# About this exercise
Below are the entries; give again exactly the lines from the one mentioning "Reconstruction and paving" through the one mentioning "SVF Russ 184B.", inclusive.

# Data in this exercise
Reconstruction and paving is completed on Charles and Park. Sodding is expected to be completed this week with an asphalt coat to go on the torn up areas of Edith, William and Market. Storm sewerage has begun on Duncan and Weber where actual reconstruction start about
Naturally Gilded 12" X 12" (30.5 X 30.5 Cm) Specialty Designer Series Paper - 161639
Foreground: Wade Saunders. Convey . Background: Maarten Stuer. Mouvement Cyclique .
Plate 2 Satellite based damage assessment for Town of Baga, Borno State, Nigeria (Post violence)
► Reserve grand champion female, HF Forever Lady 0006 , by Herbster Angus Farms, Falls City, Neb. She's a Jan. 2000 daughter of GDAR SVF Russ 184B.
* * *
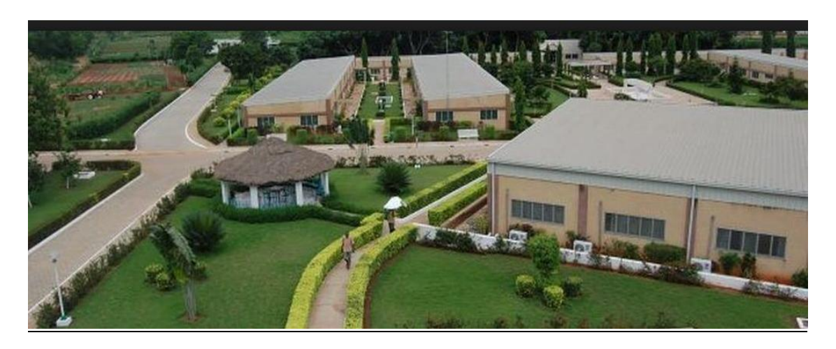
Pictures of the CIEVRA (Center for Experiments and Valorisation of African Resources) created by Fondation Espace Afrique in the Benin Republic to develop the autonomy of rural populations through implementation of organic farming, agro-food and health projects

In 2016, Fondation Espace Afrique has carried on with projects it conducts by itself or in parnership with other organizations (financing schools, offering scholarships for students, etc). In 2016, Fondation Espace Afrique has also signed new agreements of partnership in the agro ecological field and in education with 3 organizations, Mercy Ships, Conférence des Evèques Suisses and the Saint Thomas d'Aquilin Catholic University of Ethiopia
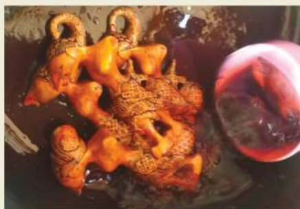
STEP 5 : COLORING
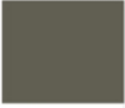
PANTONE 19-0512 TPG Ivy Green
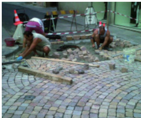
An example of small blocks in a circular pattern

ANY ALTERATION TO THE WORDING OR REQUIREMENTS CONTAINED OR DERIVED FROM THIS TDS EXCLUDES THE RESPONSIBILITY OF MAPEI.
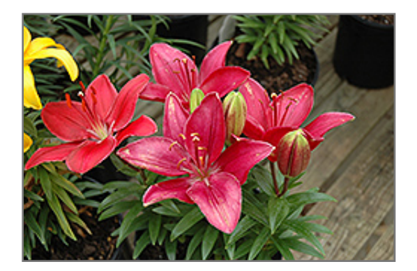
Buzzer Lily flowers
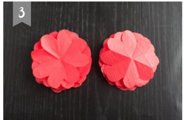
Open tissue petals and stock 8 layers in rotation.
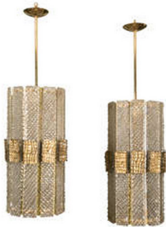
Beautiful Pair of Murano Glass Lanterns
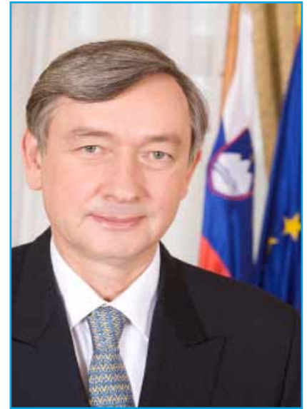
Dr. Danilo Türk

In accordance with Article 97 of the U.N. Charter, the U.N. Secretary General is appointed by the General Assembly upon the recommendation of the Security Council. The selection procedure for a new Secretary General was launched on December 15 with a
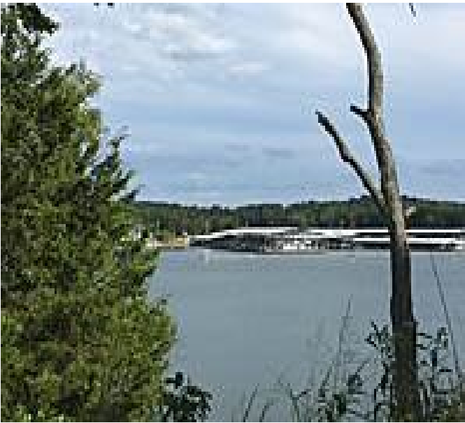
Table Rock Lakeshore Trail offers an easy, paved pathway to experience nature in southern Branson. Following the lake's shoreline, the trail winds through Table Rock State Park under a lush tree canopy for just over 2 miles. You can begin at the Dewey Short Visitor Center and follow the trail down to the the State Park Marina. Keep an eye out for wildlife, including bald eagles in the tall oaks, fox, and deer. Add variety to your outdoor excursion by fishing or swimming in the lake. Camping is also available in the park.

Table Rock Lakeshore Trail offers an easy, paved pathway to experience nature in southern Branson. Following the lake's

# Written answer
Reconstruction and paving is completed on Charles and Park. Sodding is expected to be completed this week with an asphalt coat to go on the torn up areas of Edith, William and Market. Storm sewerage has begun on Duncan and Weber where actual reconstruction start about
Naturally Gilded 12" X 12" (30.5 X 30.5 Cm) Specialty Designer Series Paper - 161639
Foreground: Wade Saunders. Convey . Background: Maarten Stuer. Mouvement Cyclique .
Plate 2 Satellite based damage assessment for Town of Baga, Borno State, Nigeria (Post violence)
► Reserve grand champion female, HF Forever Lady 0006 , by Herbster Angus Farms, Falls City, Neb. She's a Jan. 2000 daughter of GDAR SVF Russ 184B.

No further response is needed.